### REQUIREMENT:
Transcribe each line of the material as it is, and drop any picture.

━━ PROVIDED INFORMATION

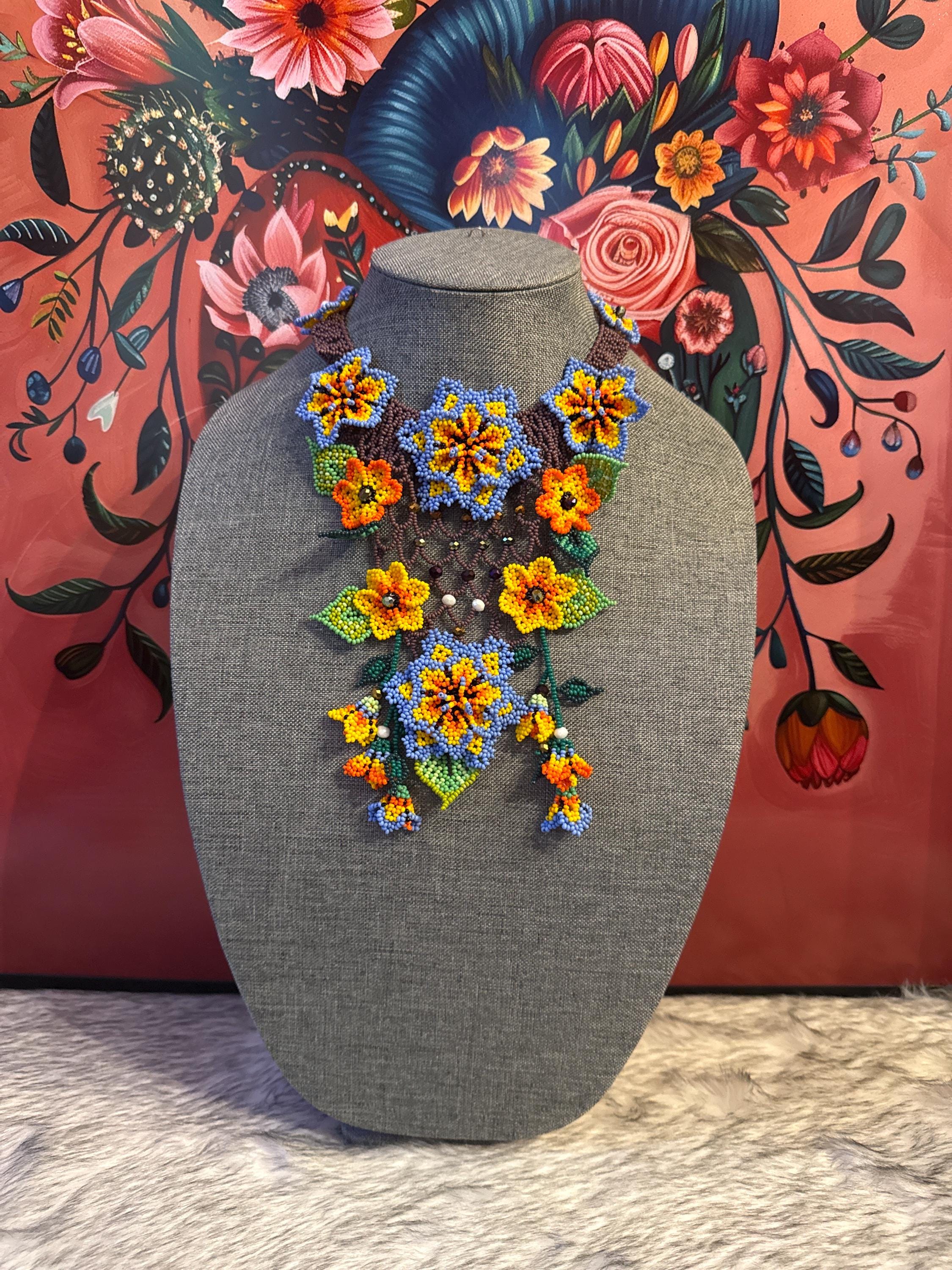 Beautiful Mayan-style necklace set, including earrings and a bracelet, handmade with glass beads and bugles.
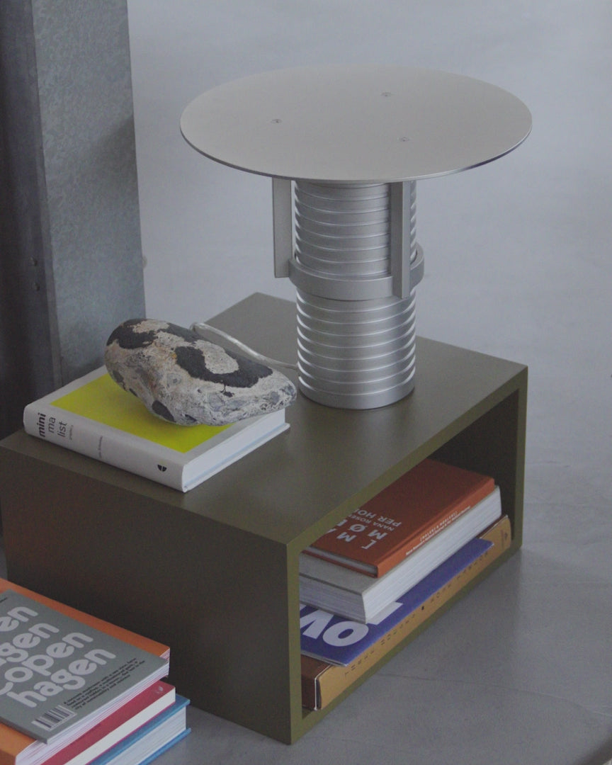 With its distinctive blend of industrial and sculptural design, the Set Lamp features an upward-facing light that shines through an aluminum shade, emitting a bright yet indirect glow. The lamp's adjustable shade height, facilitated by threads on the body, allows for a tactile rotation and enables personalized changes in angle and light intensity. This unique lamp exudes character and seamlessly blends into a variety of spaces—whether placed on the floor, windowsills, sideboards, or any preferred location—making a bold statement as a distinctive centerpiece.
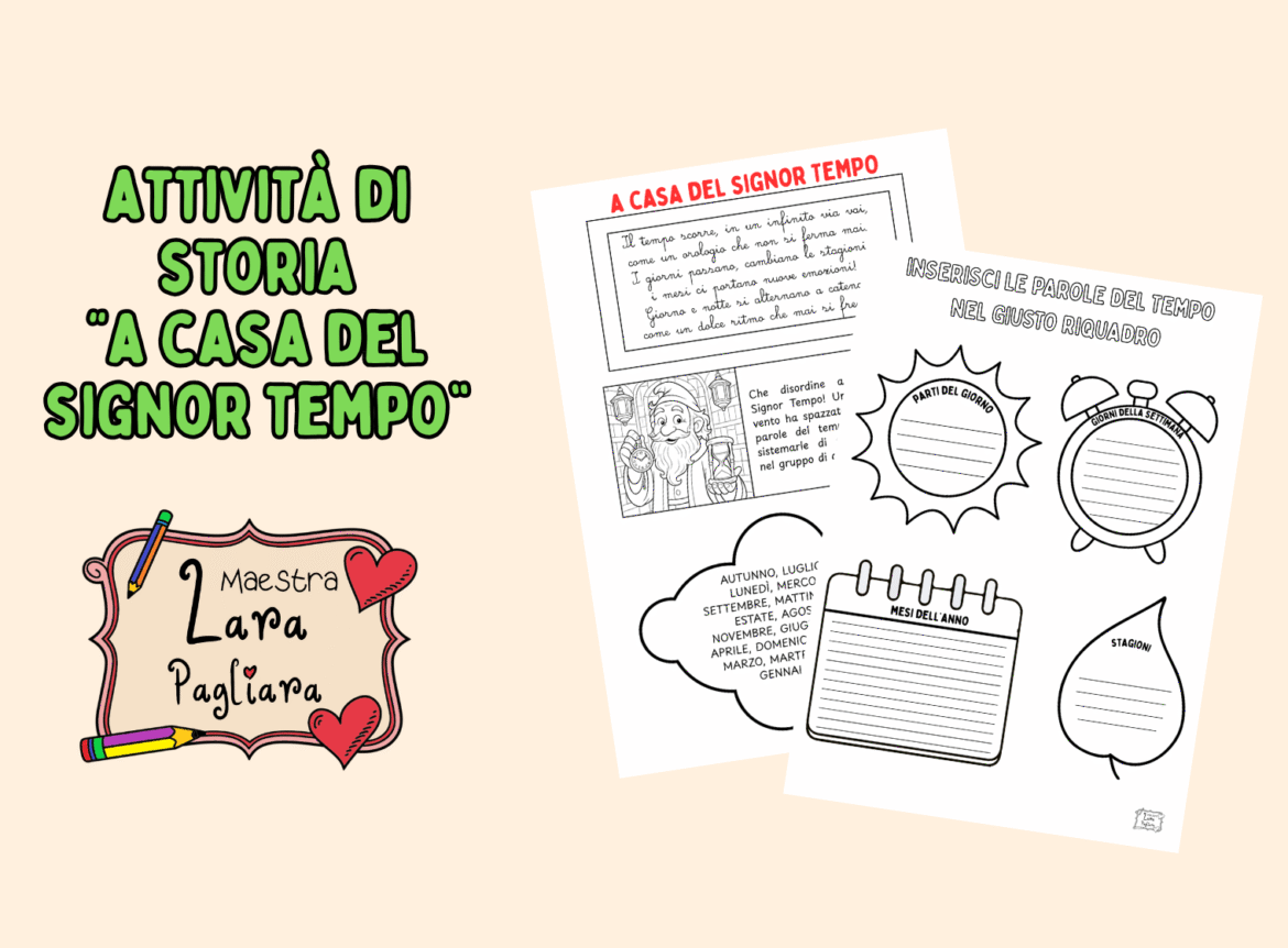 Questo materiale è ideale per introdurre le “parole del tempo” in classe prima o per un ripasso in classe seconda. Può anche essere utilizzato come scheda di verifica per gli alunni di seconda.
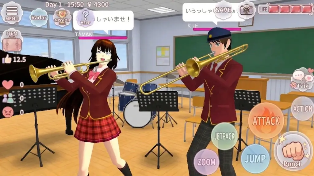 1. 全方位还原日本高中生活,开放世界虚拟樱镇,可自由探索校园场景与附近社区。
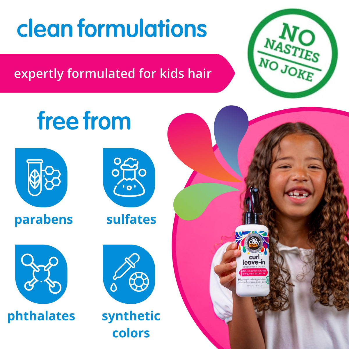 Nourish and detangle your child's curly hair with SoCozy Leave In Conditioner Spray. This gentle formula enriched with Keratin, Vitamin B5, Olive, and Jojoba Oil helps in maintaining tangle-free curls that are soft, manageable, and healthy.

━━━━

### FINISHED TASK:
 Beautiful Mayan-style necklace set, including earrings and a bracelet, handmade with glass beads and bugles.
 With its distinctive blend of industrial and sculptural design, the Set Lamp features an upward-facing light that shines through an aluminum shade, emitting a bright yet indirect glow. The lamp's adjustable shade height, facilitated by threads on the body, allows for a tactile rotation and enables personalized changes in angle and light intensity. This unique lamp exudes character and seamlessly blends into a variety of spaces—whether placed on the floor, windowsills, sideboards, or any preferred location—making a bold statement as a distinctive centerpiece.
 Questo materiale è ideale per introdurre le “parole del tempo” in classe prima o per un ripasso in classe seconda. Può anche essere utilizzato come scheda di verifica per gli alunni di seconda.
 1. 全方位还原日本高中生活,开放世界虚拟樱镇,可自由探索校园场景与附近社区。
 Nourish and detangle your child's curly hair with SoCozy Leave In Conditioner Spray. This gentle formula enriched with Keratin, Vitamin B5, Olive, and Jojoba Oil helps in maintaining tangle-free curls that are soft, manageable, and healthy.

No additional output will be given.